In this complex ideological space, a positive and respectful U.S. relationship with the incoming Ecuadoran government of Lenin Moreno is a “win-win” proposition for both sides. It would also have the transformative effect of showing an ideologically genuine and principled left-of-center government can advance the well-being of its people without the inherent enmity of the United States.
There are doubtlessly numerous actors within the Ecuadoran and the Latin American left who would seek to leverage relationship friendly U.S. posture toward Ecuador to advance more nefarious causes, and many whose anti-U.S. designs would be profoundly threatened by a positive U.S. relationship with a leftist, but still democratic Ecuador. Yet the remarkably educated, civil, and democratic political culture of Ecuador, and the thoughtfulness and decency that Moreno has manifested as a person, suggest that if there is any place in the region that such a bold U.S. approach could succeed, it is in Ecuador, at the present time, with its new president.
This argument for a cautious rapprochement with Ecuador will likely come as a surprise for those familiar with my harsh criticism of ALBA, and particularly the current criminal elite in Venezuela.
But there is no inconsistency. For the U.S. and the region, the “enemy” is not those who believe in bettering the condition of their people, although reasonable people may disagree about how to achieve that goal. The enemy is those who subvert democratic processes and exploit the hopes and frustrations of a people to progressively rob them of their rights, liberty and prosperity.
Although it might surprise many in Ecuador, and elsewhere in the region, the concept of buen vivir, championed by the Alianza Pais movement, among others, is actually a prioritization of quality-of-life and spiritual values over raw materialism that many in the U.S. can relate to.
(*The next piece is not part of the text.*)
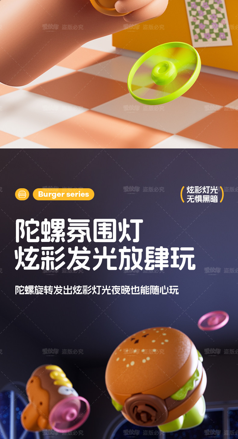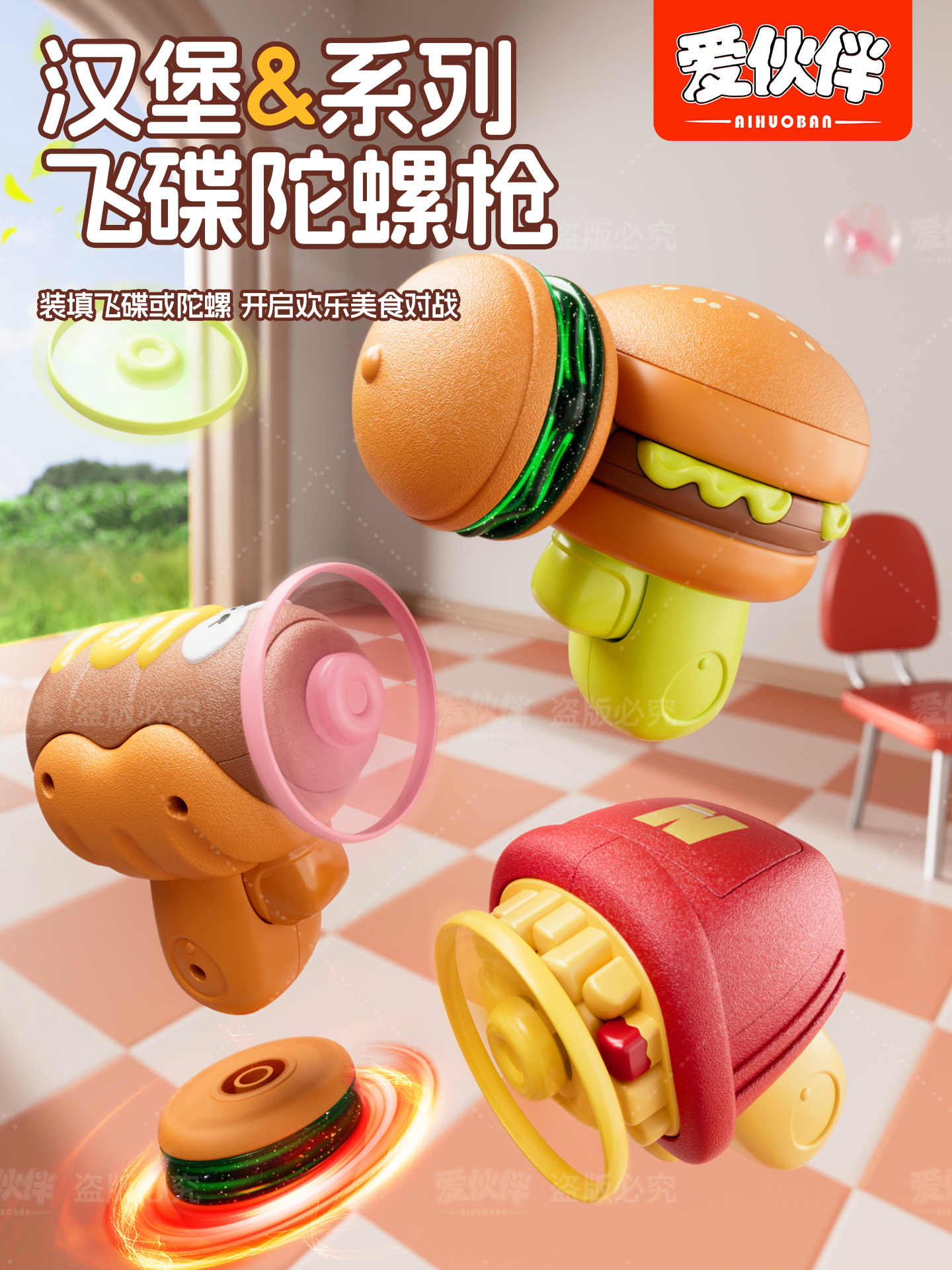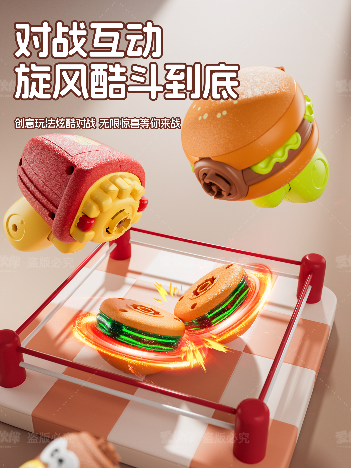 汉堡陀螺男孩玩具发光旋转陀螺飞盘户外儿童玩具竹蜻蜓女孩子玩具

There are many within the Ecuadoran left who will use the election of President Moreno to continue their work against the influence of the U.S. and western institutions. In that complex struggle, there are no guarantees about where the Moreno government will end up. Yet it is in the strategic interest of the U.S. to bet on the intellect and decency of President Moreno to actively seek a new path with Ecuador and the Latin American left.
Dr. R. Evan Ellis is Latin America Research Professor with the U.S. Army War College Strategic Studies Institute. The views expressed in this article are strictly his own.